A person is guilty of trespass "when he knowingly enters or remains unlawfully in or upon premises" (Penal Law § 140.05). The information alleges that, at or about 12:55 p.m. on May 30, 2010, defendant was ordered to "leave the hospital premises," refused to leave the hospital, and had to be escorted from the hospital—which resulted in the first trespass charge—and that, on the same day, at about 2:19 p.m., "defendant, entered onto hospital property"—which resulted in the second trespass charge. We find that so much of the information as stated that defendant was ordered to leave the hospital at 12:55 p.m. suffices to show that he "knowingly enter[ed]" the hospital "unlawfully" when he returned to the hospital property a little more than an hour later at 2:19 p.m. Consequently, the information is jurisdictionally sufficient with respect to the second trespass count.
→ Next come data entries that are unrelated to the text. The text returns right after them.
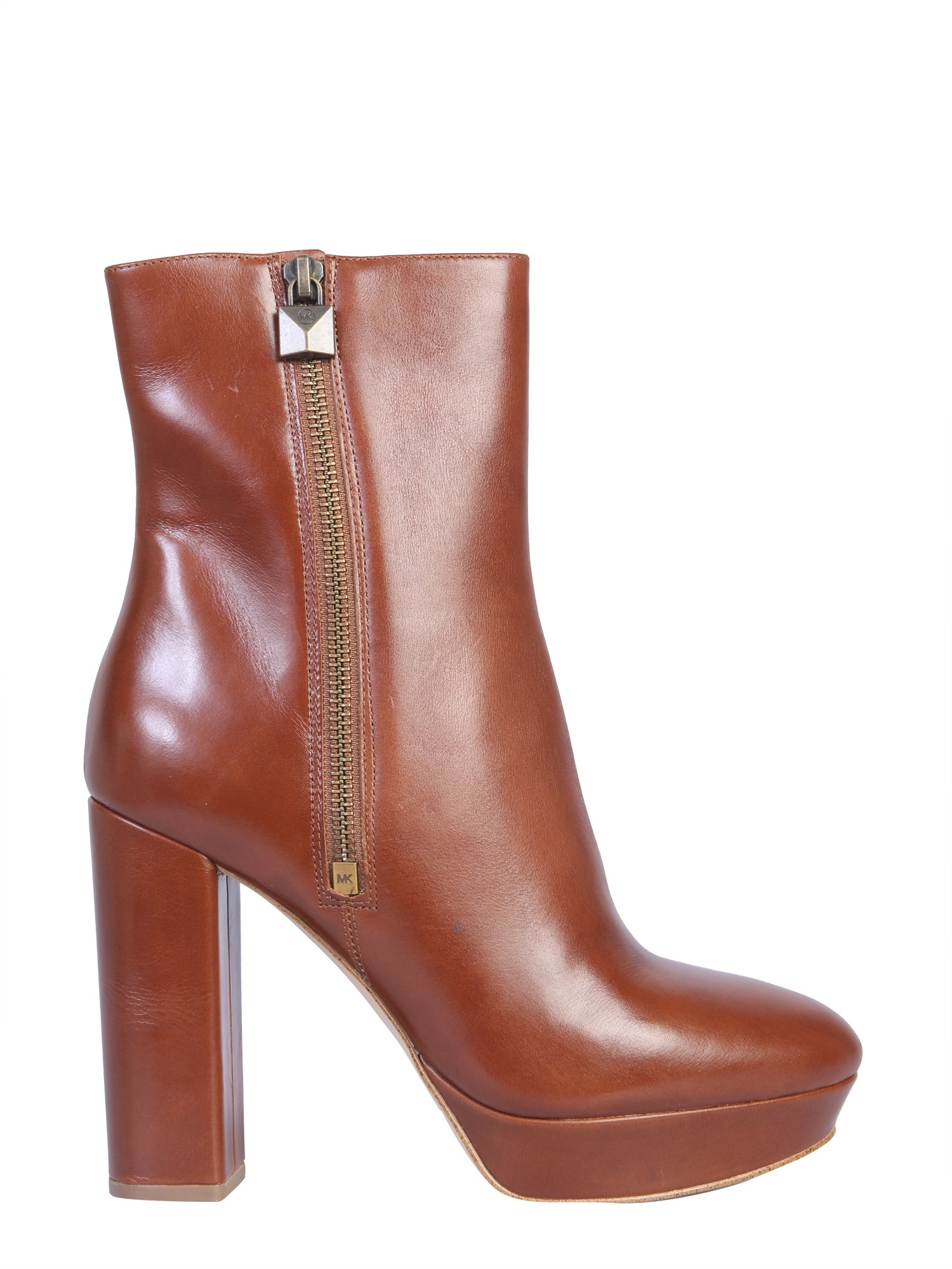 These "frenchie" boots from Michael By Michael Kors are sure to be a hit among those who are high on fashion quotient. These sophisticated boots are made of genuine leather for a lustrous finish. The 10.8cm block heels will let you walk gracefully on any surface. The side zip closure gives a proper and comfortable fit.
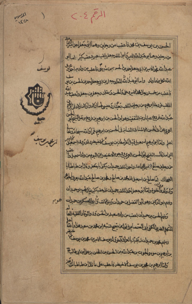 أوله ناقص : الحسن بن يوسف بن محمد فأعقب من رجلين وهما ابو جعفر احمد امير اليمامة من رجلين وهما.
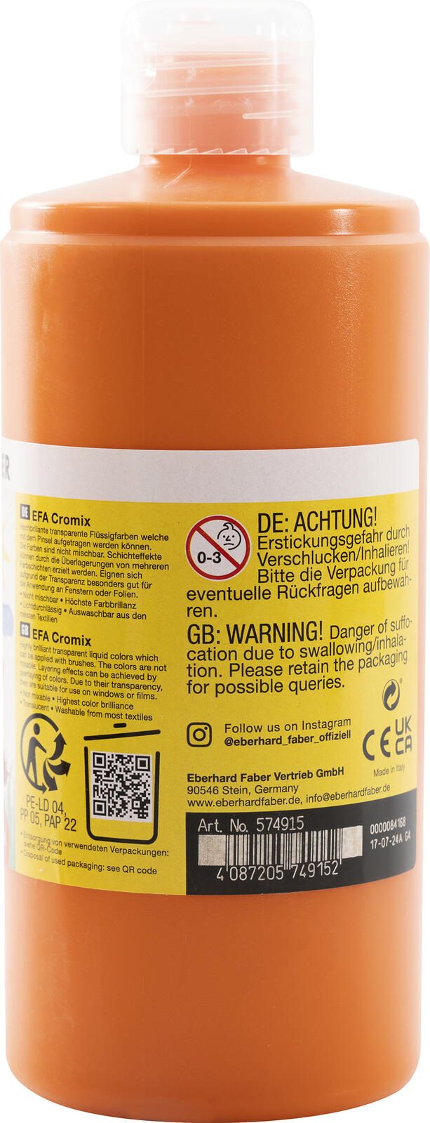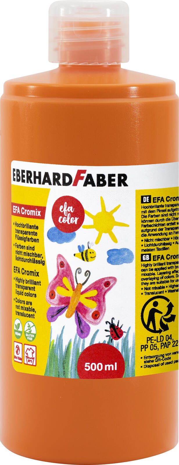 Die EBERHARD FABER EFA Cromix Transparentfarbe in der Farbe kadmiumorange wird in einer 500 ml Flasche geliefert. Diese Farbe gehört zur Produktkategorie der Fenstermalfarben und ist Teil der Bastelfarben-Familie. Sie eignet sich für verschiedene kreative Anwendungen, insbesondere zum Bemalen von Fenstern und anderen glatten Oberflächen.
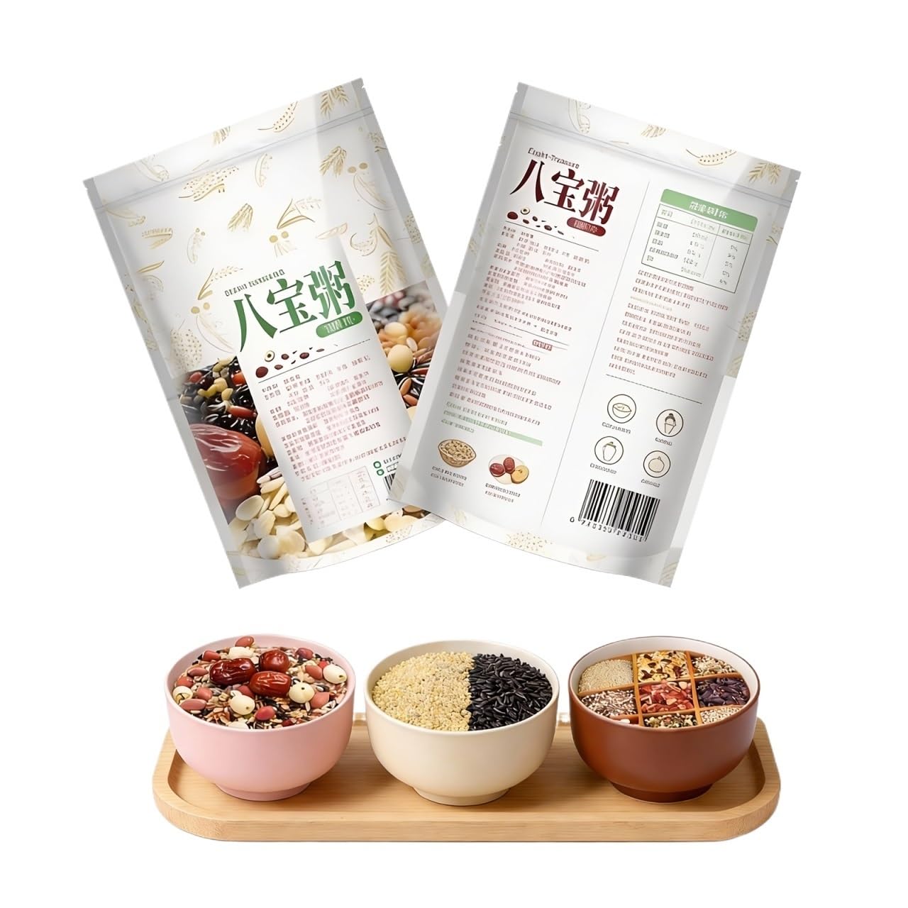 Paquet De 3 Mélanges De Bouillie Aux Huit Trésors De 500 G, Assortiment De Grains Entiers Et De Haricots For Congee, Petit-déjeuner Facile À Cuisiner, Fraîcheur Scellée Sous Vide

With respect to the first trespass count, defendant's challenge to the legal sufficiency of the evidence is unpreserved for appellate review (see CPL 470.05 [2]; People v Hawkins, 11 NY3d 484, 491-492 [2008]; People v Hines, 97 NY2d 56, 61 [2001]; People v Gray, 86 NY2d 10 [1995]). In any event, the evidence, viewed in the light most favorable to the People (see People v Contes, 60 NY2d 620, 621 [1983]), was legally sufficient to establish defendant's guilt beyond a reasonable doubt. The evidence established that, after the hospital security guard and the police officer had repeatedly ordered defendant to leave the hospital, defendant refused to leave and had to be escorted out by a police officer, thereby demonstrating that defendant "knowingly . . . remain[ed] unlawfully in" the hospital in violation of Penal Law § 140.05.
Moreover, upon the exercise of our factual review power (see CPL 470.15 [5]; People v Danielson, 9 NY3d 342, 348-349 [2007]), while according great deference to the factfinder's opportunity to view the witnesses, hear their testimony, observe their demeanor, and assess their credibility (see People v Lane, 7 NY3d 888, 890 [2006]; People v Bleakley, 69 NY2d 490, 495 [1987]), we are satisfied that so much of the verdict as found defendant guilty of the second count of trespass was not against the weight of the evidence (see People v Romero, 7 NY3d 633, 643-646 [2006]).
Furthermore, inasmuch as defendant has not shown that any extraordinary circumstances exist, we find no reason to modify his sentence (see People v Hodges, 13 AD3d 979 [2004]; People v Dolphy, 257 AD2d 681 [1999]).
Accordingly, the judgment of conviction is modified by vacating the conviction of harassment in the second degree and dismissing that count of the accusatory instrument, and the judgment is otherwise affirmed.
Weston, J.P., Aliotta and Solomon, JJ., concur.